◆ Data excerpt ◆
****
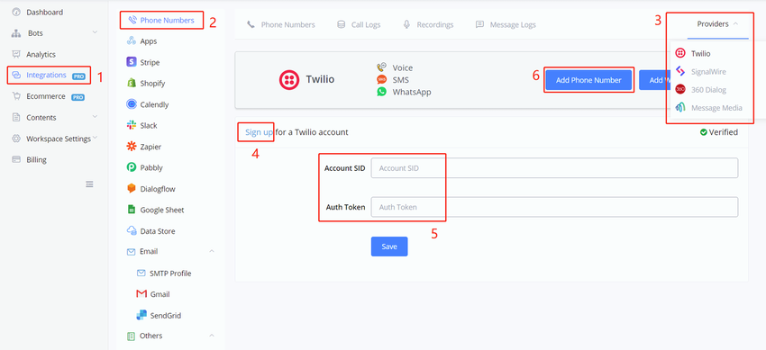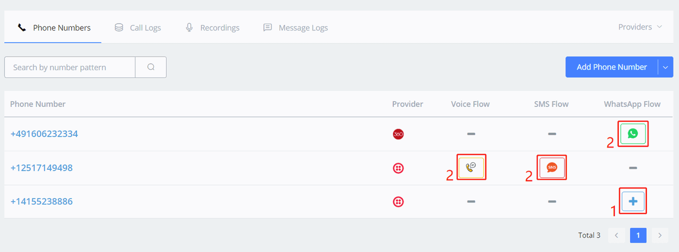 Click "Add Number" in area 3 in the above picture after connecting your provider with Channel Automation.
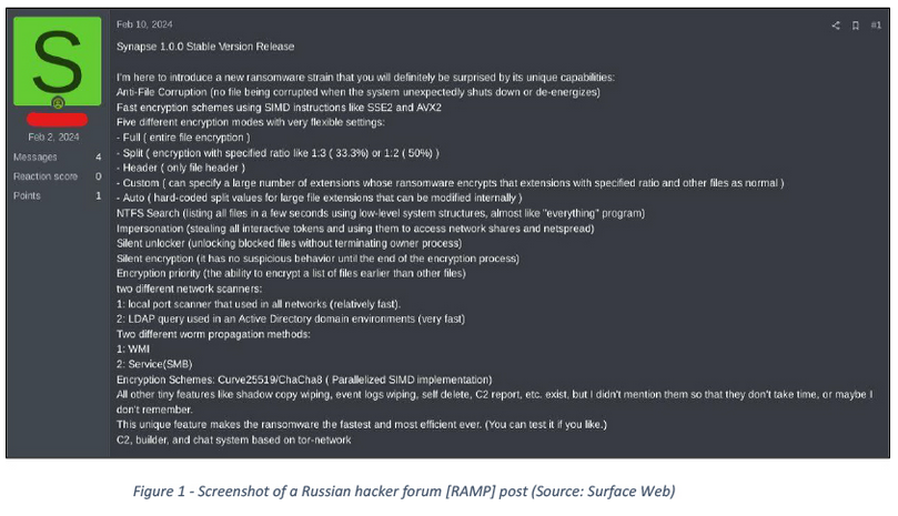Synapse ransomware: Security researchers have discovered a new Ransomware-as-a-Service advertised on underground hacking forums since February this year. The new ransomware is named Synapse, and it contains code that spares Iranian systems from encryption. According to security firm CyFirma, earlier this year, the Synapse group released a demo video to prove they built the fastest file-encrypting ransomware to date.
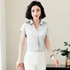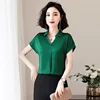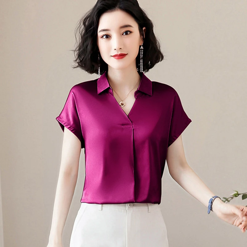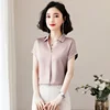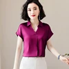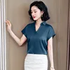 Blusa de seda de estilo coreano para mujer, camisa de manga corta y manga larga para oficina, talla grande
****
Your copy should hold exactly the lines from the line containing "Synapse ransomware: Security" through the last line of the listing above, both included, and no pictures.

◆ Task solution ◆
Synapse ransomware: Security researchers have discovered a new Ransomware-as-a-Service advertised on underground hacking forums since February this year. The new ransomware is named Synapse, and it contains code that spares Iranian systems from encryption. According to security firm CyFirma, earlier this year, the Synapse group released a demo video to prove they built the fastest file-encrypting ransomware to date.
 Blusa de seda de estilo coreano para mujer, camisa de manga corta y manga larga para oficina, talla grande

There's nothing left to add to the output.